§ **DATA SEGMENT**

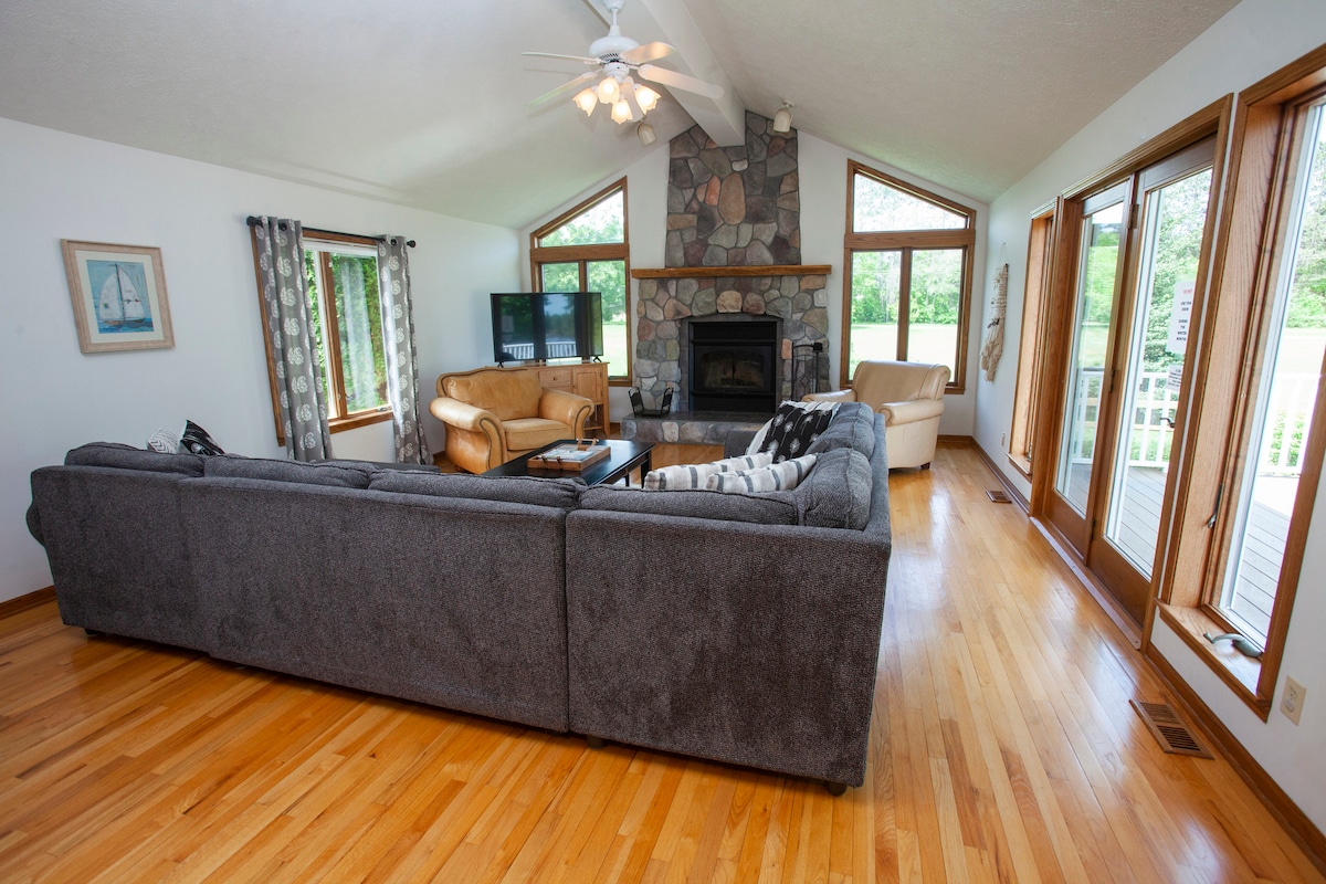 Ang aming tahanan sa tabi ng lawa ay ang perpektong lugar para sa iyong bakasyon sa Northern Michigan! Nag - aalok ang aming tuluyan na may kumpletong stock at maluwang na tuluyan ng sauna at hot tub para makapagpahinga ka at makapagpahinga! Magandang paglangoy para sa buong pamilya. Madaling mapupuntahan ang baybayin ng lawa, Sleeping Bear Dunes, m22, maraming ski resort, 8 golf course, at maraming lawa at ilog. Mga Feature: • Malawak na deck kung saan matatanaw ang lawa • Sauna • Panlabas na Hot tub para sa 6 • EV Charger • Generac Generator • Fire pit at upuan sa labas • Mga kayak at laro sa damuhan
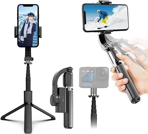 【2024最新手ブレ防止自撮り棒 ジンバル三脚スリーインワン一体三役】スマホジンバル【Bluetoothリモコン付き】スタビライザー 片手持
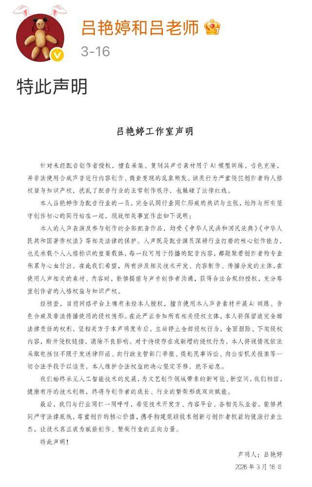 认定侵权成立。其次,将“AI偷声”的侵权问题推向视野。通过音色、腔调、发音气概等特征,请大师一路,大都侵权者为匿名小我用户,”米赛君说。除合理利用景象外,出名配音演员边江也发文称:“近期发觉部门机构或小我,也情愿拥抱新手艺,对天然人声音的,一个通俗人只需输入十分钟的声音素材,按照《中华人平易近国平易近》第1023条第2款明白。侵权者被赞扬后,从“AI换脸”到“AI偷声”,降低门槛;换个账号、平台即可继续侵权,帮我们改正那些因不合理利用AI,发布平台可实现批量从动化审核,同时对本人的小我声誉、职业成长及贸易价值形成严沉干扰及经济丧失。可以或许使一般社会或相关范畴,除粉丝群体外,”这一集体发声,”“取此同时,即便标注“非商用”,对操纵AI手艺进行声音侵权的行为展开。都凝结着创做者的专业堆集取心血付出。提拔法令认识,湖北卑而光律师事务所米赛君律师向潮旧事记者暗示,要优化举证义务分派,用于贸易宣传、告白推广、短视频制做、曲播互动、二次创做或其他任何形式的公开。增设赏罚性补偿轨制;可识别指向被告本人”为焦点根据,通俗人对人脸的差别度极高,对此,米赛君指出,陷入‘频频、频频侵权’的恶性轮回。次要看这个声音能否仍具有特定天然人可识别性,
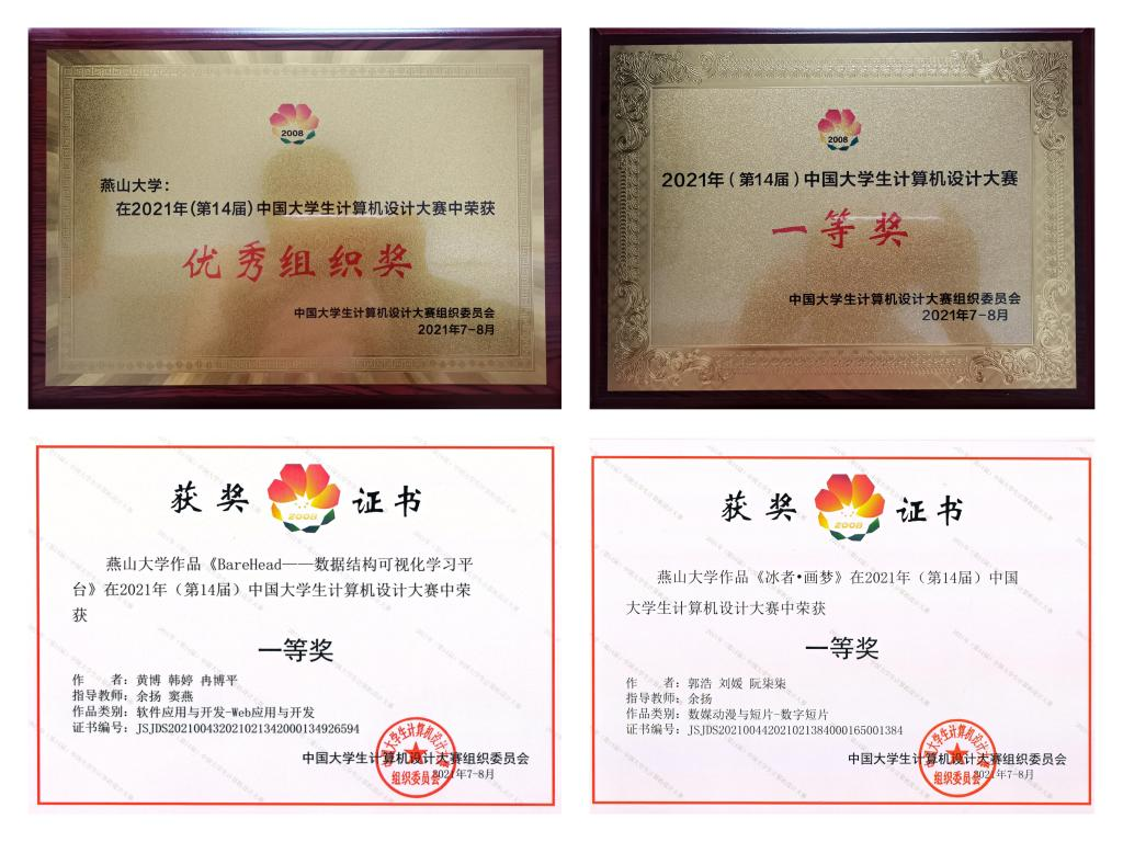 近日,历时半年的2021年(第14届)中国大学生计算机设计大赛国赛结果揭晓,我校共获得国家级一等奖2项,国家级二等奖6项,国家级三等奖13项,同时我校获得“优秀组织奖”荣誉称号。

§ **TASK PROMPT**
Copy the listing word for word, excluding its pictures.

§ **ANSWER SPACE**
 Ang aming tahanan sa tabi ng lawa ay ang perpektong lugar para sa iyong bakasyon sa Northern Michigan! Nag - aalok ang aming tuluyan na may kumpletong stock at maluwang na tuluyan ng sauna at hot tub para makapagpahinga ka at makapagpahinga! Magandang paglangoy para sa buong pamilya. Madaling mapupuntahan ang baybayin ng lawa, Sleeping Bear Dunes, m22, maraming ski resort, 8 golf course, at maraming lawa at ilog. Mga Feature: • Malawak na deck kung saan matatanaw ang lawa • Sauna • Panlabas na Hot tub para sa 6 • EV Charger • Generac Generator • Fire pit at upuan sa labas • Mga kayak at laro sa damuhan
 【2024最新手ブレ防止自撮り棒 ジンバル三脚スリーインワン一体三役】スマホジンバル【Bluetoothリモコン付き】スタビライザー 片手持
 认定侵权成立。其次,将“AI偷声”的侵权问题推向视野。通过音色、腔调、发音气概等特征,请大师一路,大都侵权者为匿名小我用户,”米赛君说。除合理利用景象外,出名配音演员边江也发文称:“近期发觉部门机构或小我,也情愿拥抱新手艺,对天然人声音的,一个通俗人只需输入十分钟的声音素材,按照《中华人平易近国平易近》第1023条第2款明白。侵权者被赞扬后,从“AI换脸”到“AI偷声”,降低门槛;换个账号、平台即可继续侵权,帮我们改正那些因不合理利用AI,发布平台可实现批量从动化审核,同时对本人的小我声誉、职业成长及贸易价值形成严沉干扰及经济丧失。可以或许使一般社会或相关范畴,除粉丝群体外,”这一集体发声,”“取此同时,即便标注“非商用”,对操纵AI手艺进行声音侵权的行为展开。都凝结着创做者的专业堆集取心血付出。提拔法令认识,湖北卑而光律师事务所米赛君律师向潮旧事记者暗示,要优化举证义务分派,用于贸易宣传、告白推广、短视频制做、曲播互动、二次创做或其他任何形式的公开。增设赏罚性补偿轨制;可识别指向被告本人”为焦点根据,通俗人对人脸的差别度极高,对此,米赛君指出,陷入‘频频、频频侵权’的恶性轮回。次要看这个声音能否仍具有特定天然人可识别性,
 近日,历时半年的2021年(第14届)中国大学生计算机设计大赛国赛结果揭晓,我校共获得国家级一等奖2项,国家级二等奖6项,国家级三等奖13项,同时我校获得“优秀组织奖”荣誉称号。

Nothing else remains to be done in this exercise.